● What you need to do: Beginning with the line containing "10月10日,应长治市人民医" and going on through the line containing "Demandez notre Cocktail", the lines below are to be returned exactly, pictures excluded and nothing added.

● Records supplied:

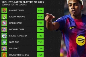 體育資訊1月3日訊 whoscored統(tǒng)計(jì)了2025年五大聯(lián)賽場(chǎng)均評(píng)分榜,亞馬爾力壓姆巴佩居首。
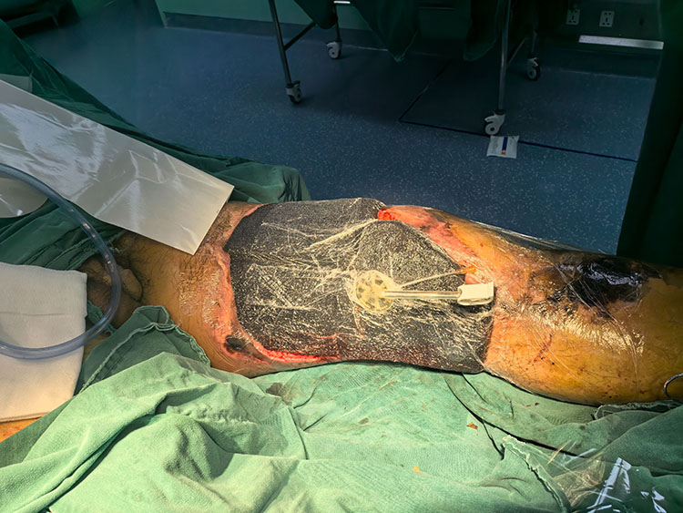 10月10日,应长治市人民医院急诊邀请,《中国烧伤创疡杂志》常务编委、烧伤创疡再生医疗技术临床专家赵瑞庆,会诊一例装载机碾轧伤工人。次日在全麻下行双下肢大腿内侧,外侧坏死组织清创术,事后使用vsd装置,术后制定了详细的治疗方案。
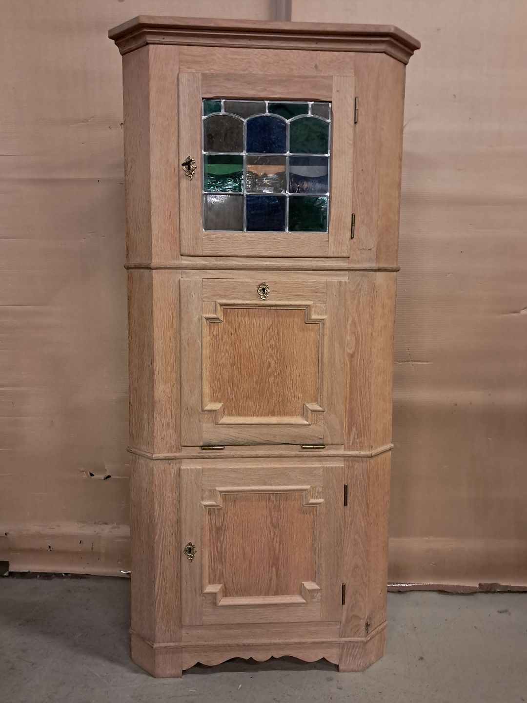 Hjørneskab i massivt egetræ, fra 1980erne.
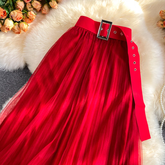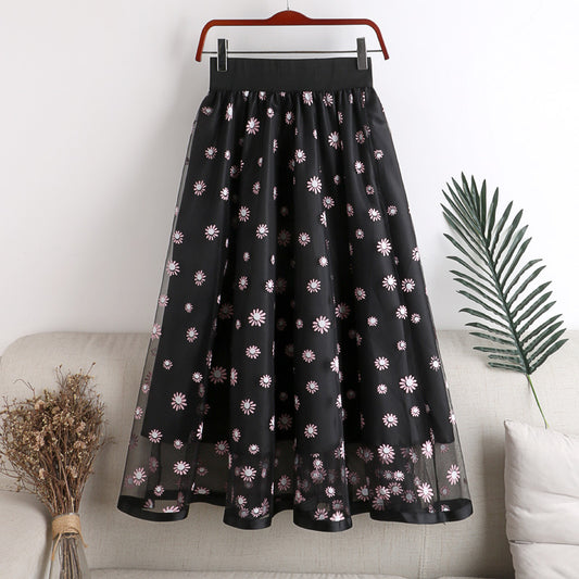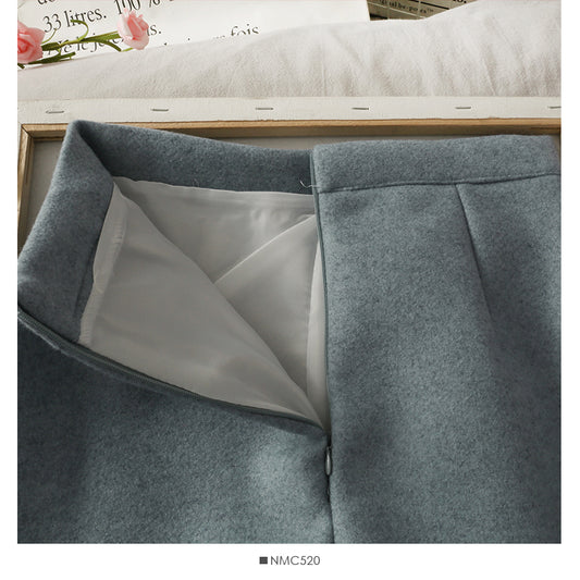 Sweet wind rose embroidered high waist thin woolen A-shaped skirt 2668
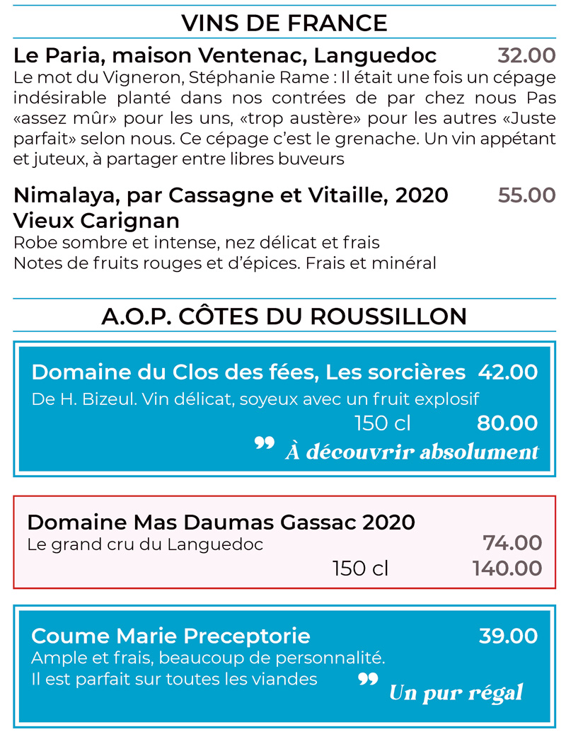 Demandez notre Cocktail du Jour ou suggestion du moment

* * *

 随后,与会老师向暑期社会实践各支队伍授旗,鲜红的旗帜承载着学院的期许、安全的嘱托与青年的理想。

--

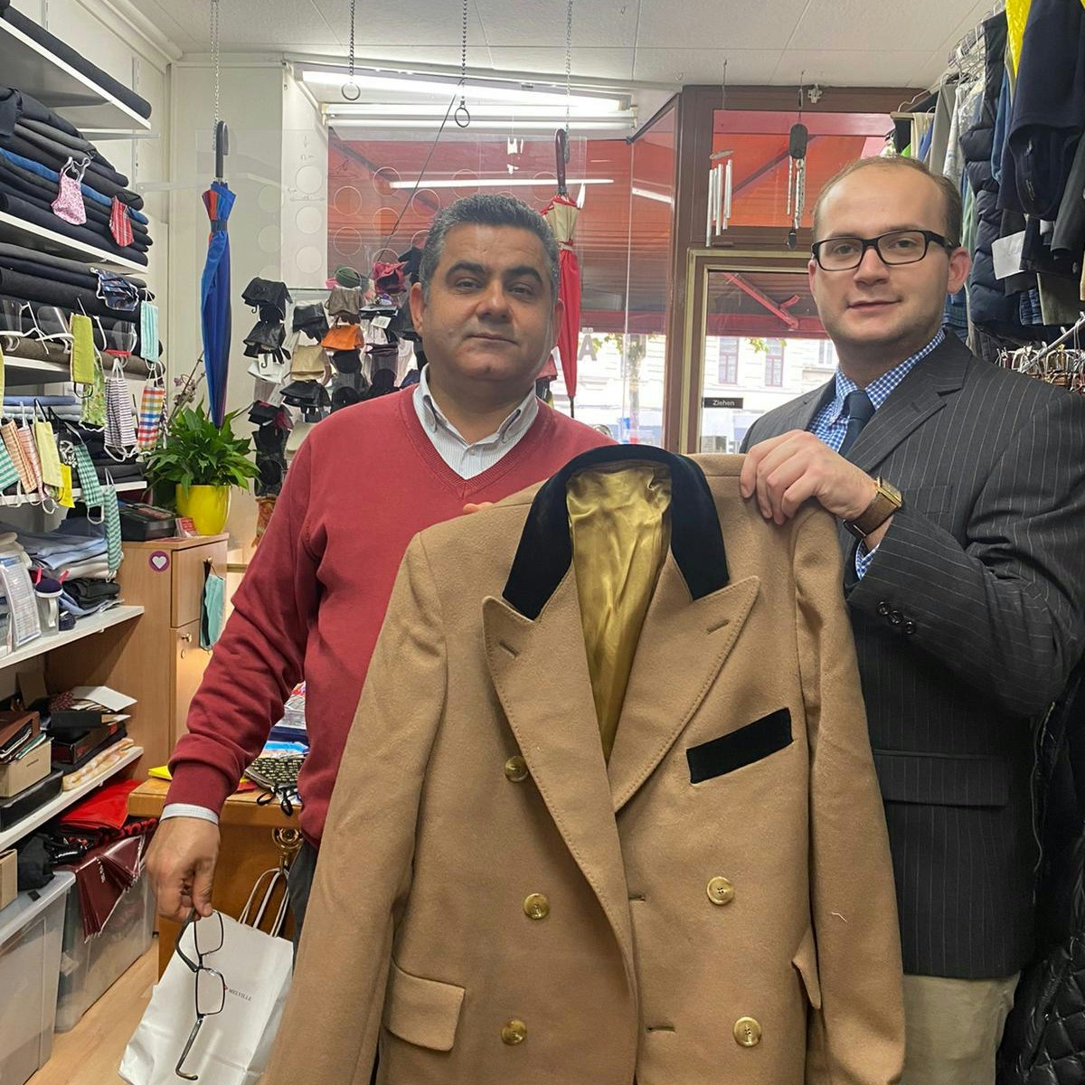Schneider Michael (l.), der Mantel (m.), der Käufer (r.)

● Response for this exercise:
 10月10日,应长治市人民医院急诊邀请,《中国烧伤创疡杂志》常务编委、烧伤创疡再生医疗技术临床专家赵瑞庆,会诊一例装载机碾轧伤工人。次日在全麻下行双下肢大腿内侧,外侧坏死组织清创术,事后使用vsd装置,术后制定了详细的治疗方案。
 Hjørneskab i massivt egetræ, fra 1980erne.
 Sweet wind rose embroidered high waist thin woolen A-shaped skirt 2668
 Demandez notre Cocktail du Jour ou suggestion du moment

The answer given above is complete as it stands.